Background: Worldwide studies of genetic material, polymorphisms and prognostic gene models for immune-associated disorders have established differences in trans-ethnic population cohorts, which determine phenotypic and other characteristics of the course of these diseases. Ulcerative colitis (UC) is a  chronic immune inflammation of the colon mucosa. More than 100 gene polymorphisms associated with multiple integrated cross-talks have been discovered.

Aim: To study the ITGA4, ITGB7, TNFα, IL10 genes polymorphisms in patients with ulcerative colitis belonging to the Buryat ethnic group and living in Irkutsk region, Buryat Republic and Transbaikal territory.

Materials and methods: The study included a total of 49 subjects, 24 of them being UC patients and 25 healthy volunteers, compatible in gender, age and ethnic background. The molecular genetic analysis by real time polymerase chain reaction was performed with DNA samples from whole peripheral blood leucocytes.

Results: The differences in the prevalence of the ITGA4(rs1143674, rs1449263), ITGB7(rs11574532), TNFα(rs1800629), and IL10(rs1800871) genotypes were non-significant (р>0.05).

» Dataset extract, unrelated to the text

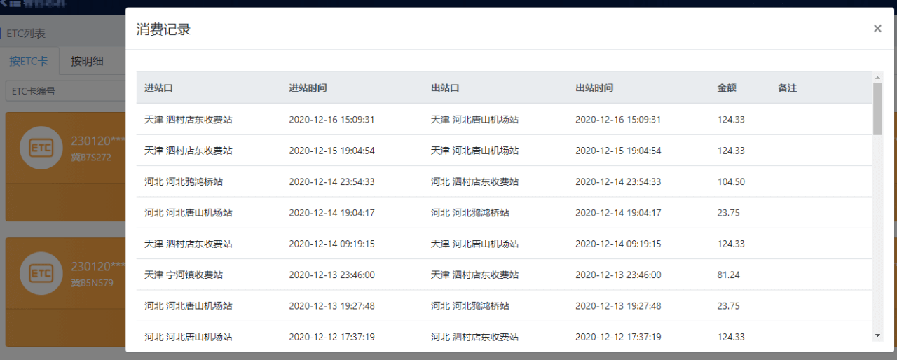 管理员可以通过车队管家后台一键同步ETC官方平台的所有数据,实时监控每一辆车的通行费状况,查看进/出站口明细;

The IL10(rs1800896) GG homozygote patients had higher odds ratio (OR) for UC compared to the carriers of other polymorphisms (OR 24; 95%  confidence interval (CI) 2.783–206.969; р=0.001). The AA homozygote type was less frequent among UC patients compared to healthy volunteers (OR 0.17; 95%  CI 0.049–0.589; р=0.004). The analysis of genotype frequency distribution of all studied genes including clinical characteristics of the disease showed no significant results (р>0.05). The binary logistic regression analysis has shown that IL10(rs1800896)GG was an UC predictor with sensitivity of 96% and specificity of 50%  (AUC 0.760; 95% CI 0.621–0.899; p=0.002; standard error 0.71).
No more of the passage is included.